─── SUPPLIED MATERIAL ───
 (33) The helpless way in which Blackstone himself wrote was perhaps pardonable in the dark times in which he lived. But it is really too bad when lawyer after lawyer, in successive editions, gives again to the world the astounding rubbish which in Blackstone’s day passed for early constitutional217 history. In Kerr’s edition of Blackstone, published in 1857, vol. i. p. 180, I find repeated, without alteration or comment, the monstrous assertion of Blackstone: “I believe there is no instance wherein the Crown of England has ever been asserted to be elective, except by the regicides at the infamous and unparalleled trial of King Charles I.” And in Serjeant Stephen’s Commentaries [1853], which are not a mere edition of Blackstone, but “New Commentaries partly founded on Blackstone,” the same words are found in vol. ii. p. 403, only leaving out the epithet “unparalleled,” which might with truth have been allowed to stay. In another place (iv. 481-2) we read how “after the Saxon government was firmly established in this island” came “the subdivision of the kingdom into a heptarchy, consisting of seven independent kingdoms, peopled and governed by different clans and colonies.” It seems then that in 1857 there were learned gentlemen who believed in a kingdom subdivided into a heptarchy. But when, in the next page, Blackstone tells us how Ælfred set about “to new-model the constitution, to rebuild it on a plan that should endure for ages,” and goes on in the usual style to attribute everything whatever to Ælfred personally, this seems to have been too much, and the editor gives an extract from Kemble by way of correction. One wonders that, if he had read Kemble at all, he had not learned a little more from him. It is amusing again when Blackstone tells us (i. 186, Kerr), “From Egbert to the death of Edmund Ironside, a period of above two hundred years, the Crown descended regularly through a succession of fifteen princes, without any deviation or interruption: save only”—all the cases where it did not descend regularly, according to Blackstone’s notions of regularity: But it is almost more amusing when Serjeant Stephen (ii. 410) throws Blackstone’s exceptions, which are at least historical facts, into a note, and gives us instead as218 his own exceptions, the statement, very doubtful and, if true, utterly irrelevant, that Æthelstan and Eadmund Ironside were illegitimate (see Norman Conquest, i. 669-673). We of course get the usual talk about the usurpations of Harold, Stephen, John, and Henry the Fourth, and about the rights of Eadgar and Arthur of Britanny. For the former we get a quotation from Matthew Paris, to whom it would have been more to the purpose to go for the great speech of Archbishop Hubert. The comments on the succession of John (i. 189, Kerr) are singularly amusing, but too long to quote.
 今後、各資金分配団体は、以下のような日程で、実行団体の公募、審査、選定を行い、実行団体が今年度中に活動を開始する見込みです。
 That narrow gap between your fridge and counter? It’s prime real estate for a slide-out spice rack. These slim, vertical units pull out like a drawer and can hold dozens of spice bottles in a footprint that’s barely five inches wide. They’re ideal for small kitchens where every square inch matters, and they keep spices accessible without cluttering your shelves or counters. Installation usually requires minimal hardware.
───
─── SUPPLIED MATERIAL ───
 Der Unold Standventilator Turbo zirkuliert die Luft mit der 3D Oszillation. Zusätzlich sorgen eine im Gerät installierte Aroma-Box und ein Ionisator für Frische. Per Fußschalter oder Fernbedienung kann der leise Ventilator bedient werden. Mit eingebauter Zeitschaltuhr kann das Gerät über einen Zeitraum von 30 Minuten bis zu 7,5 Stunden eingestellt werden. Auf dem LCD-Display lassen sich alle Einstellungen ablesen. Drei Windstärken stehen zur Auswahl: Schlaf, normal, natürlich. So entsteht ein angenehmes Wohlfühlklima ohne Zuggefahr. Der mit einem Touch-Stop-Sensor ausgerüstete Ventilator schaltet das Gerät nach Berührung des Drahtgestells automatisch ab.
───
◆ WORK INSTRUCTIONS
Among the lines above, repeat exactly those from the line with "今後、各資金分配団体は、以下" to the line with "That narrow gap", counting both ends.

◆ EXERCISE ANSWER
 今後、各資金分配団体は、以下のような日程で、実行団体の公募、審査、選定を行い、実行団体が今年度中に活動を開始する見込みです。
 That narrow gap between your fridge and counter? It’s prime real estate for a slide-out spice rack. These slim, vertical units pull out like a drawer and can hold dozens of spice bottles in a footprint that’s barely five inches wide. They’re ideal for small kitchens where every square inch matters, and they keep spices accessible without cluttering your shelves or counters. Installation usually requires minimal hardware.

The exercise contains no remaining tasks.